У вас бывало такое ощущение, когда вам кажется, что вы находитесь в совершенно не том месте и делаете совершенно не то? И вы идете и пытаетесь делать то, что должны. Но у вас катастрофически не получается. Что-то тянет вас, тормозит, заставляет останавливаться на каждом шагу. И вы пытаетесь делать то, что должны, но не можете.
У меня такое ощущение сейчас. Я сижу на скамейке во дворе, и через пятнадцать минут у меня начнется экзамен, но я сижу и не могу сдвинуться с места. Я смотрю на секундную стрелку часов, которая, будто нарочно, еле ползет. Словно дает мне шанс одуматься, взять себя в руки и бежать в институт. Только я не могу и продолжаю сидеть.
И вокруг все замерло, разве что ветер изредка беспокоит листву. Сейчас ровно середина мая, но солнце печет как в августе. В воздухе пахнет черемухой – а я сижу на скамейке и не могу понять, что со мной происходит.
Я снова смотрю на часы – почти полдень. Вокруг тихо, так тихо, что это даже странно. Воздух горячий густой и дурманящий.

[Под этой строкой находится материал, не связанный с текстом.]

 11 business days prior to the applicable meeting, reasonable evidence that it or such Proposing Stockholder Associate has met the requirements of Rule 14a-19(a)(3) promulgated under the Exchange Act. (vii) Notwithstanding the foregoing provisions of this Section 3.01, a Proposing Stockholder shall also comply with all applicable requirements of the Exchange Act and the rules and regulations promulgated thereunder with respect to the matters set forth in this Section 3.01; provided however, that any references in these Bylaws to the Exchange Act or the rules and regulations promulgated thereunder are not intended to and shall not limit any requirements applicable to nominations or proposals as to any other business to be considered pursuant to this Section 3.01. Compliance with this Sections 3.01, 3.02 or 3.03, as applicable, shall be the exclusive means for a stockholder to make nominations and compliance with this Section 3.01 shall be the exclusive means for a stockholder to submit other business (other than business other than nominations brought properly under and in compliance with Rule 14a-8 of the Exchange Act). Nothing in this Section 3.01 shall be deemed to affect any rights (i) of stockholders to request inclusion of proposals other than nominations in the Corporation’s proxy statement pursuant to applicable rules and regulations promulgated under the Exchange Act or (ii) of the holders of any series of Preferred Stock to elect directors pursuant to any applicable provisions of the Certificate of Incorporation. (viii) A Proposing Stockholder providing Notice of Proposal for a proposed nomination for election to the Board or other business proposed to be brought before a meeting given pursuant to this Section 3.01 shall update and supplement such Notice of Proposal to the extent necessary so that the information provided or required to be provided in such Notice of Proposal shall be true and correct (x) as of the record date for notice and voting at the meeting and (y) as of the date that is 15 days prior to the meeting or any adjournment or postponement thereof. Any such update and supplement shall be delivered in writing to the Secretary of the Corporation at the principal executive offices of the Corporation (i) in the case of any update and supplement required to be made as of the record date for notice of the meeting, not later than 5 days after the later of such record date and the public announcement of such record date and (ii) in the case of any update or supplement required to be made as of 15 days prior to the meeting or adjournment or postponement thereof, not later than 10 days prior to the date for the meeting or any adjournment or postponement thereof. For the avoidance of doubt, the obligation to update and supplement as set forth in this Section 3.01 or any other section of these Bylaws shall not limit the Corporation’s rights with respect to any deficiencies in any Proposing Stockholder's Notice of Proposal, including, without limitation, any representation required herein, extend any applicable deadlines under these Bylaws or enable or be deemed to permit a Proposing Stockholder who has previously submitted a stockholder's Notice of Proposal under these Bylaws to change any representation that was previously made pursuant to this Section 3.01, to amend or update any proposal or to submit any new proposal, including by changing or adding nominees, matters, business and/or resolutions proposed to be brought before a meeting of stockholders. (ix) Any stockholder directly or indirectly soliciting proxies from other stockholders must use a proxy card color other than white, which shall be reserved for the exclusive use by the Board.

Стрелки все-таки добираются до двенадцати, они сходятся, и время останавливается. В самом буквальном смысле. Стрелки не собираются продолжать движение.

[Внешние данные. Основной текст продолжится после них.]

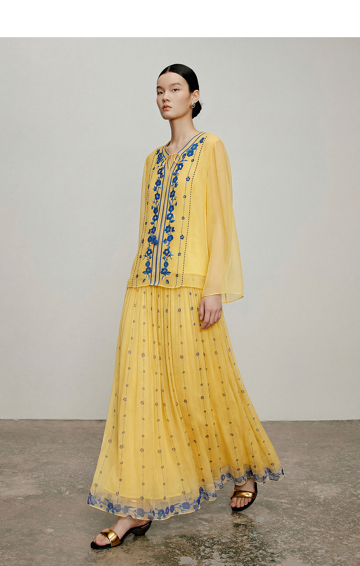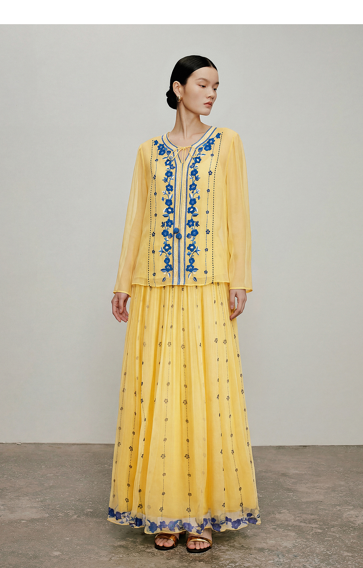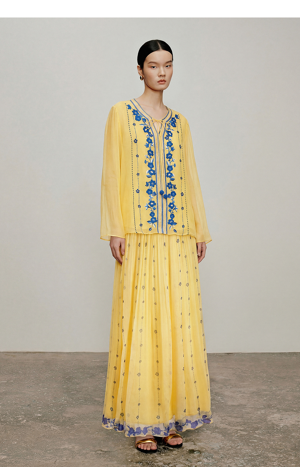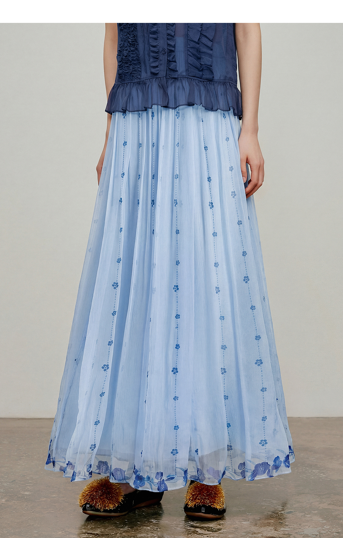 【林栖设计小店】松黄漫庭|桑蚕丝多色宽松垂感百搭夏新款印花半身裙1962020B
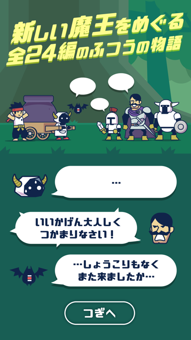 平和と料理が好きな魔王になって、王国兵を倒すパズルRPG。同じ食材同士を組み合わせるだけの簡単操作なので、ゲーム初心者にもぴったり。
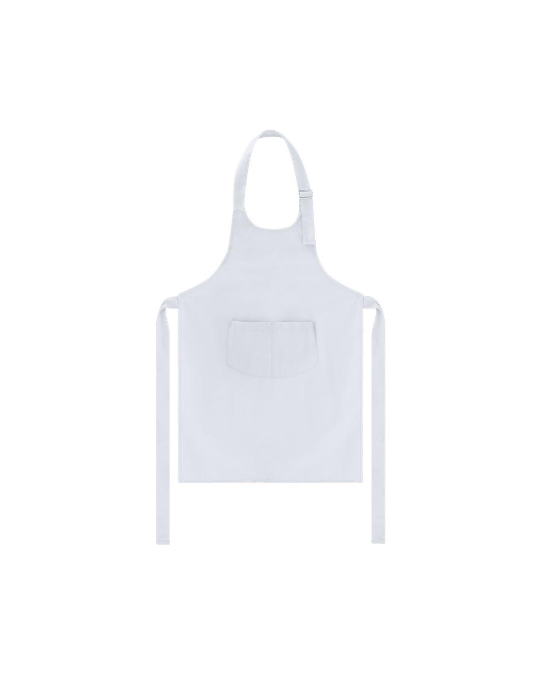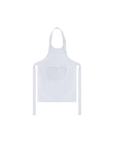 Delantal infantil de alta calidad fabricado en combinación de algodón y poliéster. Con práctico bolsillo doble frontal y cintas de cuello con ajustador cromado. De corte por debajo de la rodilla que proporciona una excelente cobertura.
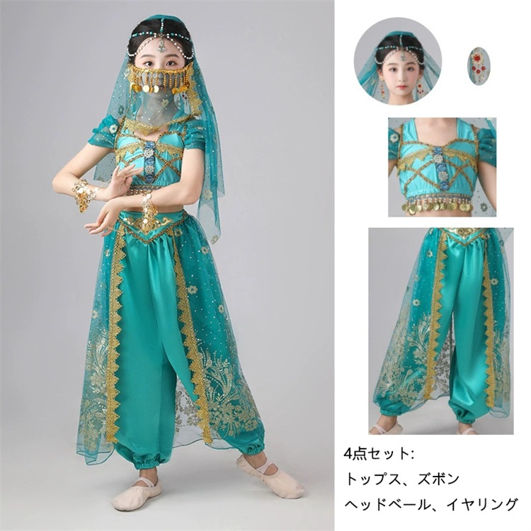 ベリーダンス 衣装 子供 ジャスミン風 ダンス練習着 レッスン着 コスプレ キッズ 女の子 プリンセス コスチューム ハロウィン 仮装 コスプレ衣装 半袖 スパンコール ステージ衣装 演出服 花柄
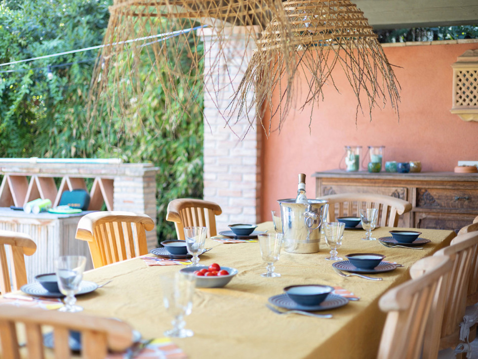 Je gaat waarschijnlijk ook veel tijd doorbrengen in het kleurrijke poolhouse. Hier staat ook een BBQ en een koelkast. De grote eettafel nodigt je uit voor lange lunches. Een tweede barbecue-plaats bevindt zich aan de achterzijde van de woning, grenzend aan de keuken.

Вдруг циферблат вспыхивает ярким зеленым светом, стрелки оживают. Они начинают вращаться в обратную сторону, отматывая время назад. Они проходят два полных оборота, на мгновение замирают и затем снова принимаются идти в положенном направление.
Это какая-то чертовщина.
– У тебя осталось двадцать четыре часа, – сообщает мне мужской голос.
Я поворачиваю голову и вижу, что рядом со мной сидит темноволосый мужчина. Почему я не заметила, как он подошел? И для чего у меня осталось двадцать четыре часа?..
* * *
– Ты мне не веришь?
– Нет.
– Зря. По статистике девяносто семь процентов потом жалеют, что не поверили сразу.
Я просто киваю в ответ – похоже спорить с этим чудиком бесполезно.
Когда я спросила, что он имел в виду, говоря про двадцать четыре часа, он заявил, что у меня есть один дополнительный день в году. Я посмеялась, решив, что он шутит. Но, как оказалось, он не шутил, напротив, был искренне уверен, что все, что он наговорил – правда.
Я, желая поскорее распрощаться со странным незнакомцем, отправилась в институт. Только вот странный незнакомец прощаться никак не хотел и пошел со мной.
– Ты должна поверить, – настаивал он.
– Слушай, я не люблю все эти шуточки, розыгрыши и тому подобное, – уже в десятый раз я пытаюсь ему объяснить.
– Это не шутки!
– Конечно.
– Ты видела, что произошло с твоими часами?
– Просто механизм сломался.
– Нет, это не просто механизм сломался, – передразнивает он меня. – Пойдем, я тебе покажу.
Он берет меня за руку и тащит за собой.
Наверное, ненормальнее его поведения только факт того, что я совсем не сопротивляюсь и иду за ним. И еще то, что я нисколько его не боюсь и не беспокоюсь, что он может что-то сделать со мной.
Мы подходим к одной из многочисленных лавочек во дворе. На ней сидит мужчина солидного возраста и спокойно читает газету.
– Смотри, – произносит мой спутник и выхватывает газету из рук мужчины.
Я жду, что мужчина возмутится, вскочит на ноги и даже накричит – но нет.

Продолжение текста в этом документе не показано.